Was Tsar Nicholas's II death a precursor that lead to WW2?

by Sergeant_Horvath
post-ironic-irony

No, the murder of the royal family in 1918 was not relevant in any way to the outbreak of World War II. By this point Nicholas had already abdicated and been placed under arrest, as well as his entire family. The Bolsheviks controlled the organs of government in Moscow and St Petersburg, and even among the many disparate White Army forces, the idea of a restoration of Tsar Nicholas was not popular. Anti-Bolshevik they might have been, but the majority of them were not pro-monarchy, or at the very least not pro-absolutism. As soon as Nicholas abdicated and the monarchy was abolished, the Romanovs ceased to be a relevant political force in any practical way. At most they were useful figureheads to inspire the more conservative and traditionalist Russian peasants that were anti-Bolshevik.

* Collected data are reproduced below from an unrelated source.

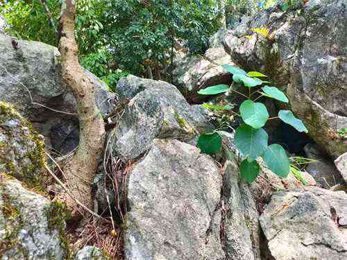 拐過幾道彎,我發(fā)現(xiàn)了一片楓樹林。應(yīng)該是缺土少水的原因,這些楓樹長得并不高大,頂多兩米左右。它們雖也盤根石上但依然長得很旺盛,清風(fēng)徐來,片片葉兒隨風(fēng)起舞,像是在表達(dá)它們的歡迎致意。
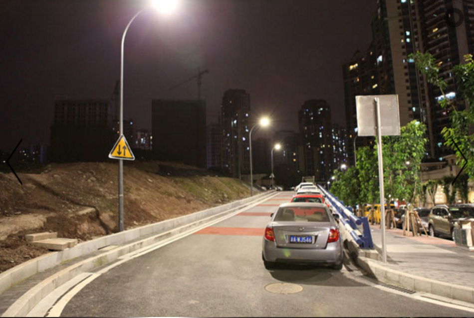 重慶綠色科技開發有限公司在重慶市渝中區錦程路實施了“十惠牌”60W LED智能路燈綠色照明工程,主要具有路面燈光清晰度高(顯指70)、均勻度好、光效高等特點,該燈具性能指標均領先全國同類產品,采用我司自主研發的專利技術“互聯網+多色溫LED路燈、隧道燈六遙(多色溫、遙調、遙測、遙控、遙視、遙信)控制系統”(專利號:2015204938054)遙控可實現智能控制。本產品是我司利用多項自主專利技術(專利號:201320842388、201320028126、2015204938054)研發、制造的LED智能路燈產品,并已獲得“重慶市高新技術產品”、“重慶市市政行業新技術認證”。案例實景照片展示如下(2015年01月25日通過竣工驗收):
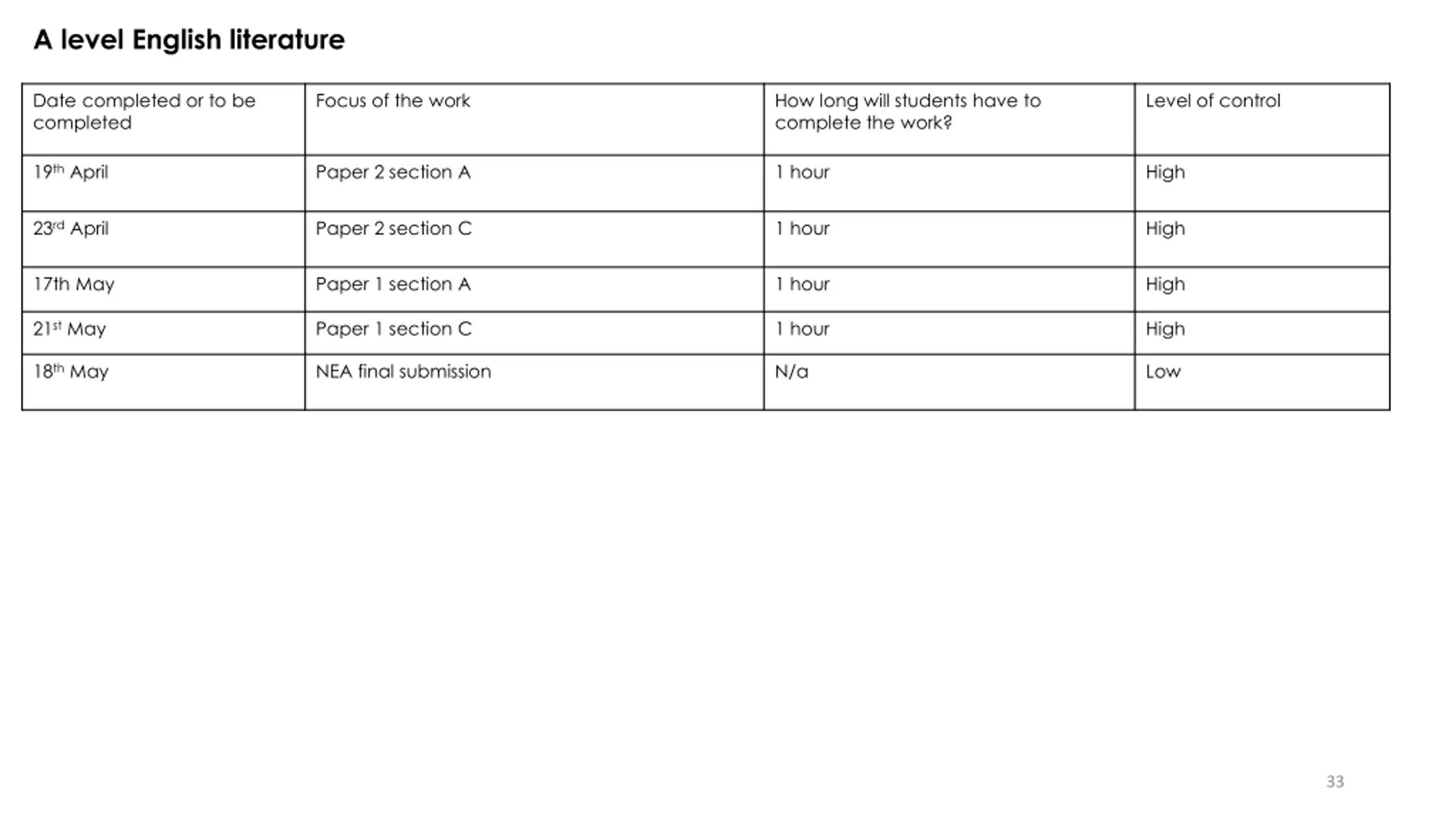 A level English literature Date completed or to be completed Focus of the work How long will students have to complete the work? Level of control 19th April Paper 2 section A 1 hour High 23rd April Paper 2 section C 1 hour High 17th May Paper 1 section A 1 hour High 21st May Paper 1 section C 1 hour High 18th May NEA final submission N/a Low 33
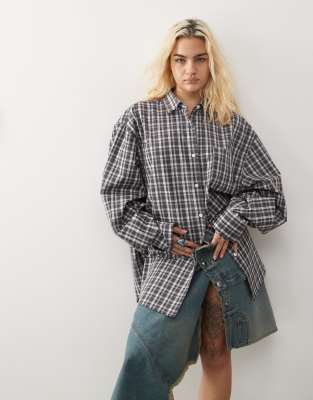 Camisa gris carbón a cuadros extragrande de COLLUSION
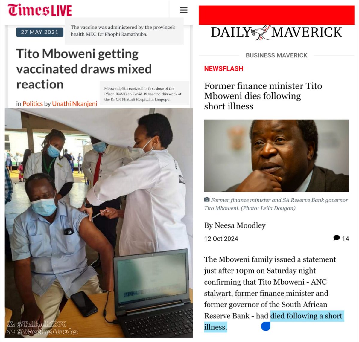 Limpopo Health MEC Dr Phophi Ramathuba had the honour of administering the Pfizer Covid-19 Vaccine to Finance Minister Tito Mboweni. Sudden Death of Tito Mboweni, Former Finance Minister & Former Governor of South African Reserve Bank following a "short illness" #diedsuddenly
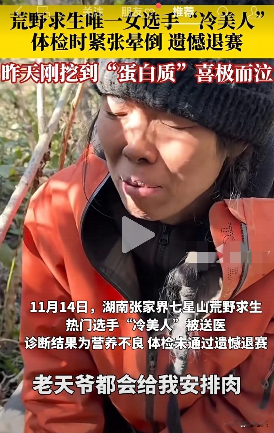 你说邪门不邪门? 荒野“冷美人”刚哭着挖到蛋白质 隔天饿晕退赛 这赛是拼命还是生存? 七星山荒野求生赛,唯一女选手“冷美人”前一天挖到点吃的 哭到咧嘴喊“老天爷给肉了”,转天体检直接饿晕送医 两次生理期都硬扛的人栽在“没吃够”上 现在生存赛总吹“意志无敌” 可她这事儿戳破了底:37天的坚持,抵不过身体亮红灯 到底是“死撑到赢”算英雄,还是“认怂保健康”更懂生存 这赛比的是活下来,不是赌命啊
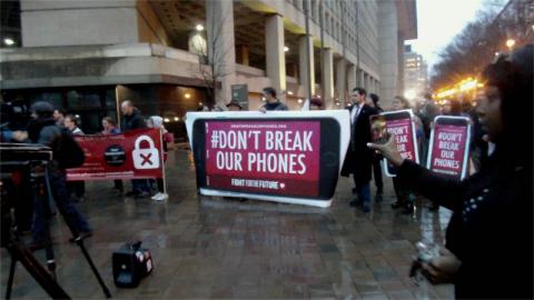 On the 23rd of February, protesters representing groups from Code Pink all the way to the CATO Institute showed up in front of the FBI's J Edgar Hoover building to protest the FBI's demands that Apple help them defeat encrypted iPhones. Speakers emphasized that this is not about one iPhone but all iPhones. Several predicted that if the FBI is sucessful those who steal credit card information would also take advantage of it. A Black Lives Matter speaker emphasized the danger that police surveillance and especially phone snooping poses to their movement. She reminded everyone of the ugly history of COOINTELPRO and racist FBI suppression of people of color. To many in this world, the FBI is not fighting terrorists, they are the terrorists.

The Bolshevik victory in the Russian Civil War is a considerably more relevant event that laid some of the groundwork for part of WWII, namely the German invasion of the Soviet Union. But it should be noted that German-Soviet relations were relatively positive in the years of the Weimar Republic - there were multiple socialist and communist parties legally operating within the German Reichstag, and for several years the Soviets allowed German soldiers to train at military installations within the USSR (as a way to get around the strict terms of the Treaty of Versailles). Only with the rise of Adolf Hitler to power in Germany did these positive relations begin to sour.